Embracing technologies of cooperation and cultivating open learning environments allows this project to explore how, when and where a student might learn in the 21st century. The project emphasizes the individual student by building on the potential of collaborative learning platforms — specifically exploring the framing of the school as a learning commons.

Learning Spaces 

This project recognizes the role space and place impact our learning environment and shape how we learn. Shaped by the maker economy and emphasizing authentic learning this project builds on the notion of school as simply the base camp for learning — promoting the peer-to-peer learning of a collaborative environments.

Students as Teachers 

This project emphasizes the value of self-directed learning where the student embraces the role of framing his or her own learning contracts. Recognizing that to build resilient learning communities this project acknowledges the school’s role in extending the teacher / student relationship to include family, coaches, tutors, and mentor learning teams.

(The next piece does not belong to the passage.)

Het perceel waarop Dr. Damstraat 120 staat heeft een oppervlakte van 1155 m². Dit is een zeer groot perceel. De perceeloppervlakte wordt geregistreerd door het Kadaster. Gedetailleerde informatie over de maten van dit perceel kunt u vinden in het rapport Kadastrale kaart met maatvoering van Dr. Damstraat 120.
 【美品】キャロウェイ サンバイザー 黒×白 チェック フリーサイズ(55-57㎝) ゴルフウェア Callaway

Once we had established our goals, defined our how might we’s, attempted to define an integrated idea from two opposing solutions, and selected a couple ideas we wanted to explore (what ifs) we were asked to identify a protagonist for our story and sketch out our ideas in the form of a two-minute video. While the workshop as a whole was incredibly informative and fun the part that was most educational, for me personally, occurred when we were asked to think about the challenges, solutions and users in an integrated and holistic way by telling a short simple story. Our instructions were as follow:

1. Identify a protagonist for your story & consider the following: 




Demographics: gender, age, class, ethnicity,

2. Sketch out a character arc of the protagonist through a 4-act play

Act I. Introduce the problem space or opportunity.

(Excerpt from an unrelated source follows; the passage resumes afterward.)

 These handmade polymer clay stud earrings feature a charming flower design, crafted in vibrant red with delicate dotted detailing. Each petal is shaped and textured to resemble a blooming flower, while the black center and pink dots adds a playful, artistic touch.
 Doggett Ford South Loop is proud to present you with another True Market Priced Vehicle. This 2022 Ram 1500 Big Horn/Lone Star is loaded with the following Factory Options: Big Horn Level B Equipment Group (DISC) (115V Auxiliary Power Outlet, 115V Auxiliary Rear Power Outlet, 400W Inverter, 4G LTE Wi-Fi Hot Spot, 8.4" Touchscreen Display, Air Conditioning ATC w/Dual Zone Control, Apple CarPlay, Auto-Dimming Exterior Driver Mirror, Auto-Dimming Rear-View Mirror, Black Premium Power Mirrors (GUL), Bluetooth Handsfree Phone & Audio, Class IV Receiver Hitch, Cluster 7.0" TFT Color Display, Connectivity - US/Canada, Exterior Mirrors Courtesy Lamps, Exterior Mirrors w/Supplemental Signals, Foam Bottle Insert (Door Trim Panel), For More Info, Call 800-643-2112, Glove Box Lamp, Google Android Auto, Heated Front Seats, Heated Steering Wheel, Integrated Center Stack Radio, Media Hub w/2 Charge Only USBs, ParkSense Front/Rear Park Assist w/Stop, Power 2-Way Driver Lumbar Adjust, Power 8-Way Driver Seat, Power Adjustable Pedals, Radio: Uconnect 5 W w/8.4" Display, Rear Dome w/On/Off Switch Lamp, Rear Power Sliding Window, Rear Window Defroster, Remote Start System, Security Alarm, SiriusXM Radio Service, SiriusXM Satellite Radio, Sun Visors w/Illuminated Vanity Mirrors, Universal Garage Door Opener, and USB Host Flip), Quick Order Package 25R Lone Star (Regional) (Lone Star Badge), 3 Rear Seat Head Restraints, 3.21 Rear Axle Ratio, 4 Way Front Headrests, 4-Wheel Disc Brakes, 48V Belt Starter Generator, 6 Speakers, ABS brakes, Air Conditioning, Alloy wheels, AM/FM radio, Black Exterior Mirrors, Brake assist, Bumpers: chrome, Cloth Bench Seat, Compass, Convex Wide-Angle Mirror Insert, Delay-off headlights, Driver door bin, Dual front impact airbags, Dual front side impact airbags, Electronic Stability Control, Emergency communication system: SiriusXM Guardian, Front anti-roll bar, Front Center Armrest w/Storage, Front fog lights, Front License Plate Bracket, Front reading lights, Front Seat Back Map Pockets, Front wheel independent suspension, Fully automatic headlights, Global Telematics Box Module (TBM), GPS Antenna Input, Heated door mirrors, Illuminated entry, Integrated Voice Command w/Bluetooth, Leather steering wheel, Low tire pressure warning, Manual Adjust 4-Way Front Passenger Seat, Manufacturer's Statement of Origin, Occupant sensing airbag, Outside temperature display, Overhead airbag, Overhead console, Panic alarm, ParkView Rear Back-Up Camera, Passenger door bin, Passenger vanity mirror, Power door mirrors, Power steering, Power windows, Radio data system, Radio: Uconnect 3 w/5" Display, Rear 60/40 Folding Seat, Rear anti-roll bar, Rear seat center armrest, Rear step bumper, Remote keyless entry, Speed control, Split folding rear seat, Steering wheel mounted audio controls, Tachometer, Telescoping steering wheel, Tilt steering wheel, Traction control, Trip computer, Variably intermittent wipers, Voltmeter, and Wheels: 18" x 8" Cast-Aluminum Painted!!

Act II. Set up how the core tension/problem might be resolved (HMW)

Act III. Present your idea, the potential solution (What If…)

Act IV. Disclose the resolution, identifying the impact of the idea.

3.Video Sketch

a) Simultaneously develop the script and set design for your 4-act video

b) Rehearse the actors’ movements, do a read through, then shoot the video in one take to share with others.

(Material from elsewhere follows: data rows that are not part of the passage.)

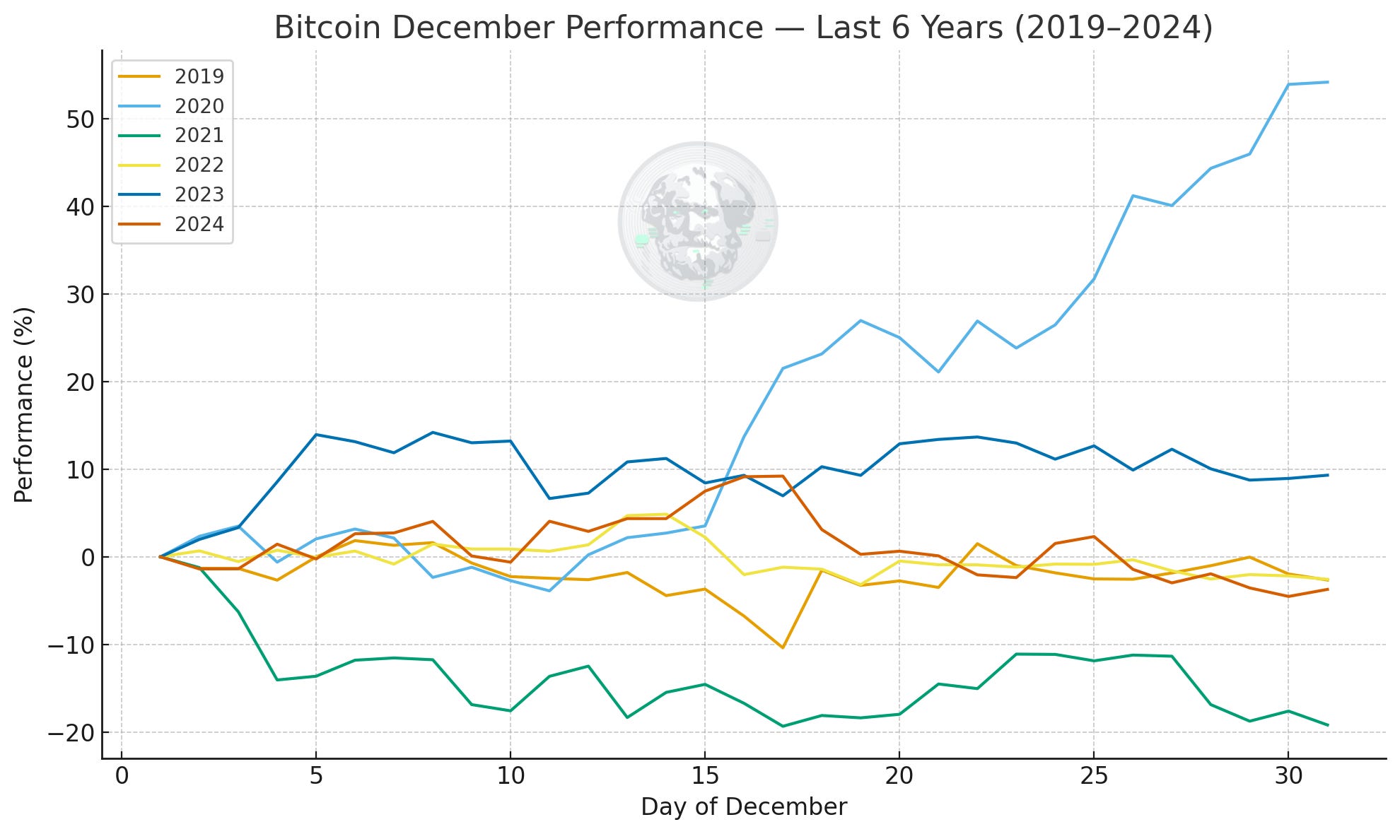 In strong years, mid-month has marked the point where upside momentum accelerates; in weaker years, it has been where early-month weakness stabilises; and in mixed or fading environments, like 2024, it has been the point where the market rolls over. Crucially, this is not a reliable “Santa rally” dynamic as seen in equities, but rather a moment of inflection, where positioning, liquidity and risk appetite tend to recalibrate into year-end. In other words, December doesn’t impose a bullish or bearish bias on Bitcoin, it simply amplifies the trend the market is already in, with mid-month acting as the pivot.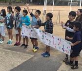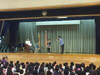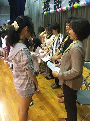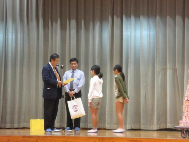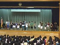 プレゼンテーターの児童が賞状とメダルを渡します、児童代表のお礼の言葉もありました。活動者を代表してあいさつがありました。「現在蝶園には蝶が一頭もいません。しかし、なんとか家で数頭の蝶が生まれました、みなさんのためにもがんばって数をふやしていきます」「那覇市体育館の前で13年間交通立哨しています。みかけたらあいさつとこえかけをお願いします」子供たちは静かに聞き入っていました。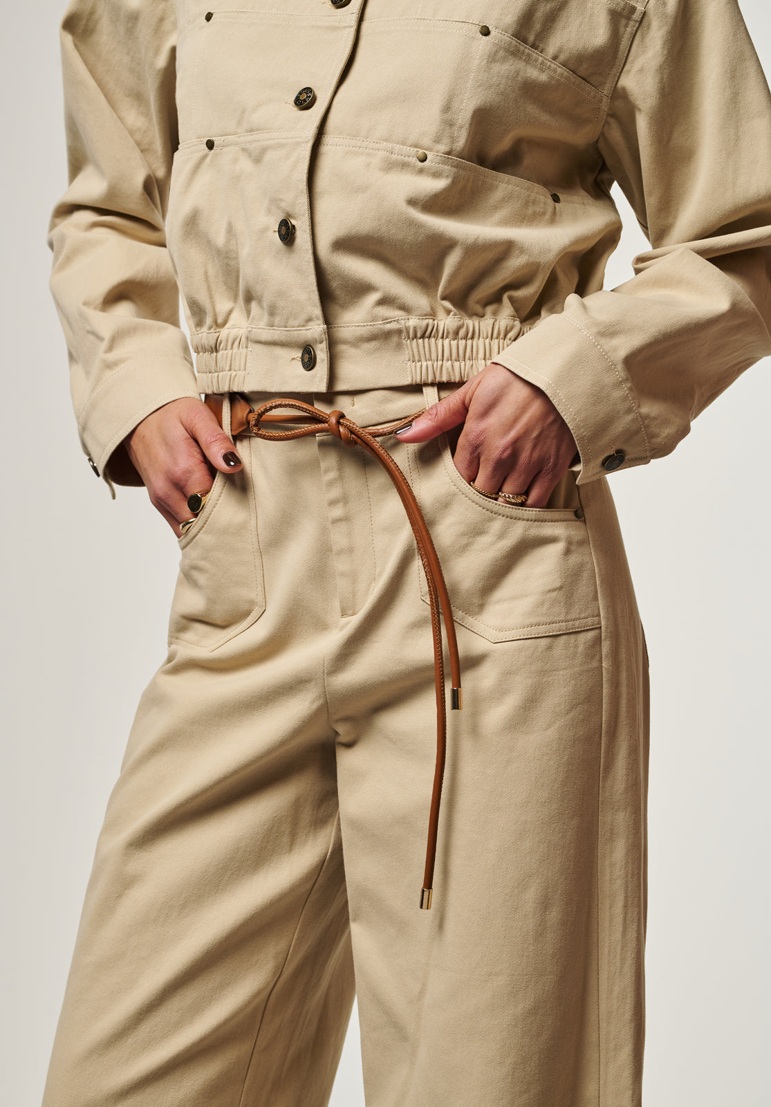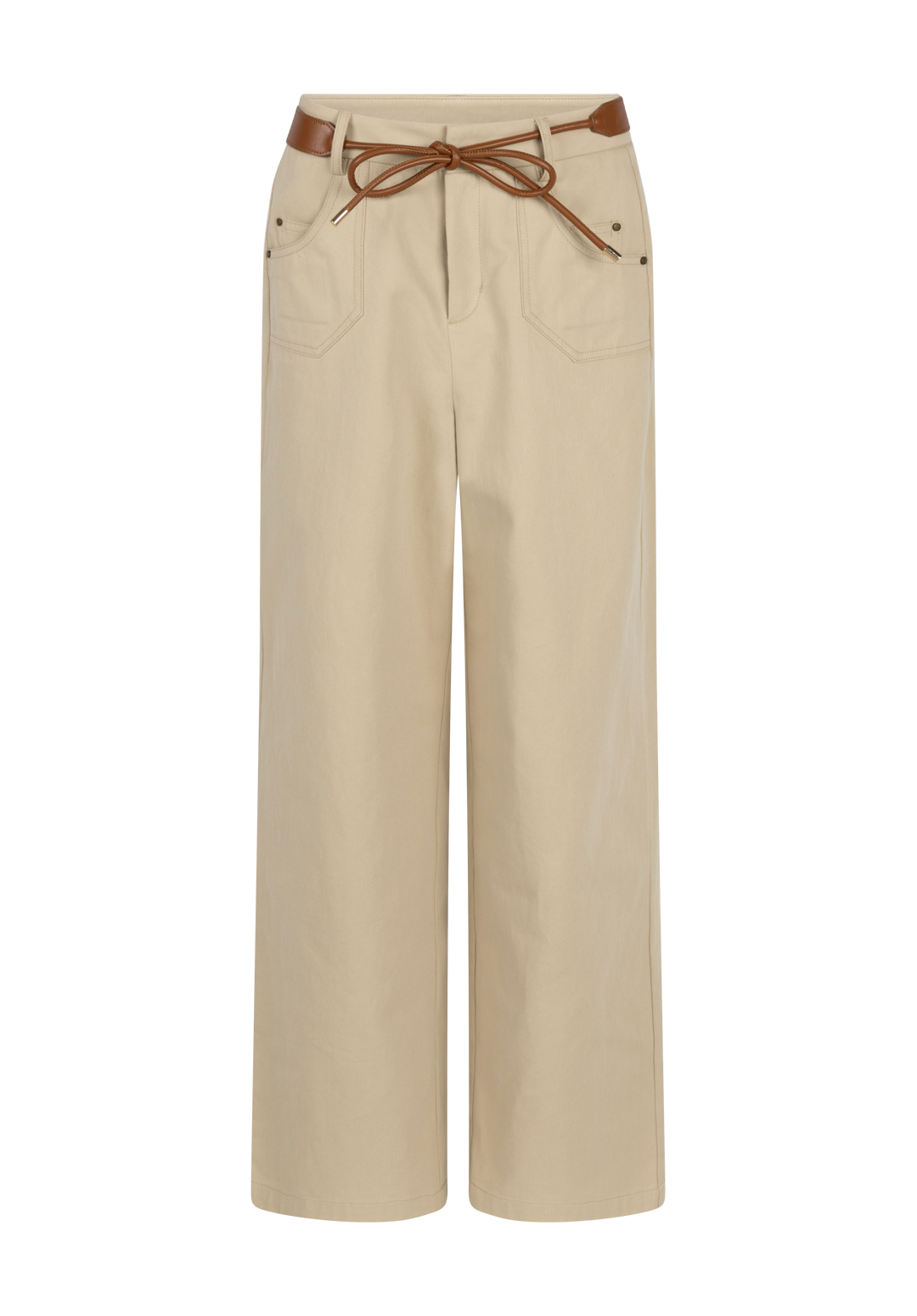 Deze broek is uitgevoerd in een stevige, comfortabele stof en heeft een wijde, rechte pijp voor een elegante uitstraling. De hoge taille wordt geaccentueerd door een strikceintuur, wat zorgt voor een vrouwelijk silhouet. De opgestikte zakken geven een subtiel stoer detail. Goed te combineren met de Fallon voor een complete en stijlvolle set.

c) Copy video on to computer, then flash drive, then Lisa’s computer.



I write to think, to know and to remember. This is not an abstract meaningless cliché; it’s my reality. For ideas to be fully processed, remembered, created and connected to other ideas, I have to write them all down. It’s a painstakingly slow process and runs counter to every tenet of efficiency, but it’s the way that works for me, my brain and my personality.

By framing the execution of our prototypes in the context of a story, I was able to achieve a fuller, more in depth, conceptual and integrated understanding of the challenge at hand and its various elements than I have been able to up to now with previous design thinking challenges. In most design thinking challenges I have participated in, the execution of the prototypes is left open ended except for an emphasis on using cheap, fast and ordinary materials so that your ideas and prototypes do not become too precious to you.

Sketching out a character arc was a way to identify, keep track of and integrate the various elements of the ‘topography’ of our challenges: the users, activities, environments, objects and interactions that come together to create the reality of the challenge and the impact of the solutions. The medium (video) was also particularly helpful for me because it created a way to visually keep track of all these elements as a coherent whole.

While oftentimes you might not be the intended user of the prototype(s) you are making, it is important to pay attention to your individual needs, preferences and cognitive characteristics when framing the execution of the prototype. Different frames and constraints for executing prototypes will work differently for different people. The key is experimenting with various limits and restrictions until you find the right mix and medium for you.